Commanders and leaders
- Alexander Hamilton John Lamb Hearts of Oak militia Sons of Liberty: Captain George Vandeput

Strength
- unknown: HMS Asia

Casualties and losses
- Three citizens wounded: 1 sailor killed

= Raid on the New York Battery =

One of the opening Raids of the American Revolutionary War

Raid on the New York Battery was a raid by the Sons of Liberty and Hearts of Oak militia on August 23, 1775, in the early days of the American Revolutionary War. The raid was on the British cannons in New York City. The 21 royal cannons from the New York Battery were taken under fire from the ship offshore. The cannons became a target for American patriots shortly after the outbreak of the Revolutionary War on April 19, 1775. The seizure of the cannons helped the patriots of the Revolutionary War.

==Raid==
The cannon raid followed the Battles of Lexington and Concord on April 19, 1775, which was the first major military action between the Kingdom of Great Britain's British Army and Patriot militias of the Thirteen Colonies.

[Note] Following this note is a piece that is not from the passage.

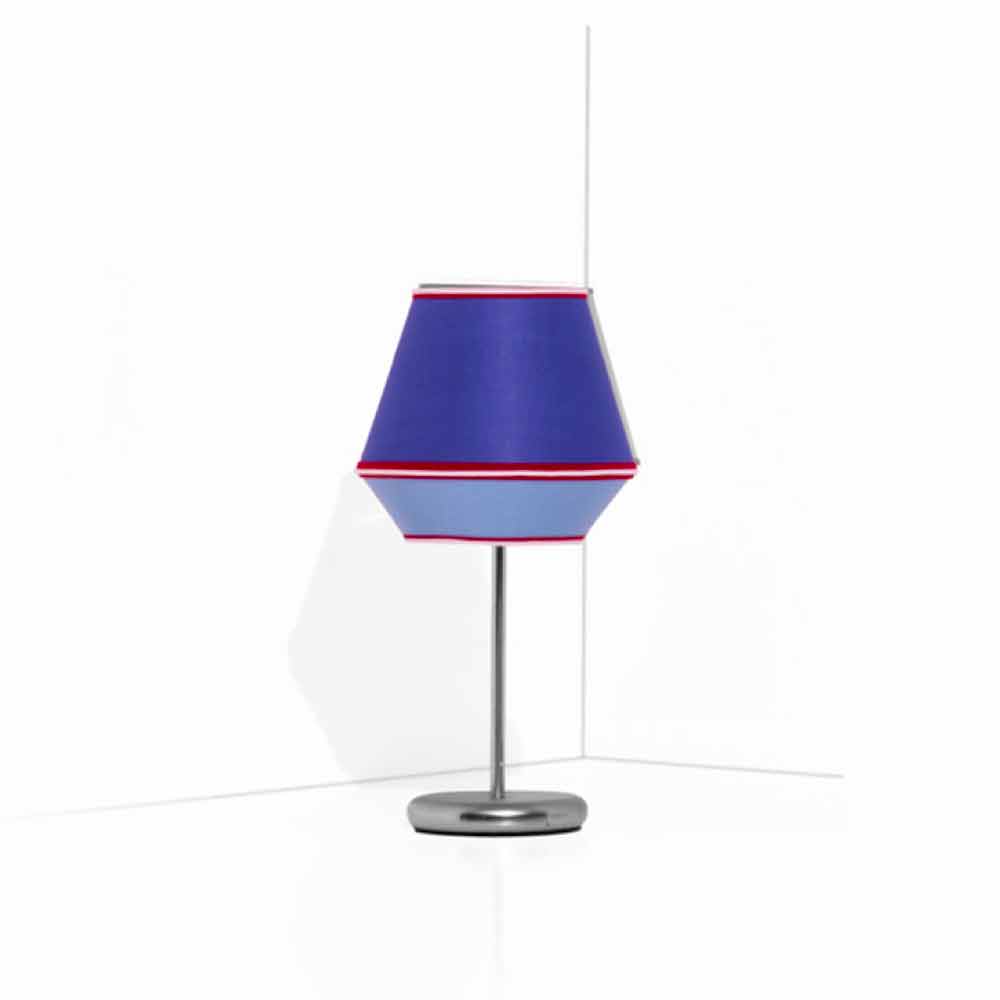 Made entirely in Italy , this table lamp is composed of a chromed metal base on which the blue and light blue cotton lampshade enriched with red and white inserts is installed.

The citizens of New York heard of the Battles of Lexington and Concord from a letter from Stephen Hopkins, which arrived in New York from Providence, Rhode Island on April 23, 1775. Stephen Hopkins wrote that the British army had …engaged in butchering and destroying our brethren in the most inhuman manner. The Battles of Lexington and Concord angered many New York City residents. The anger rose, and rioting started in the city. To arm themselves against British forces, the New York City British cannons were taken.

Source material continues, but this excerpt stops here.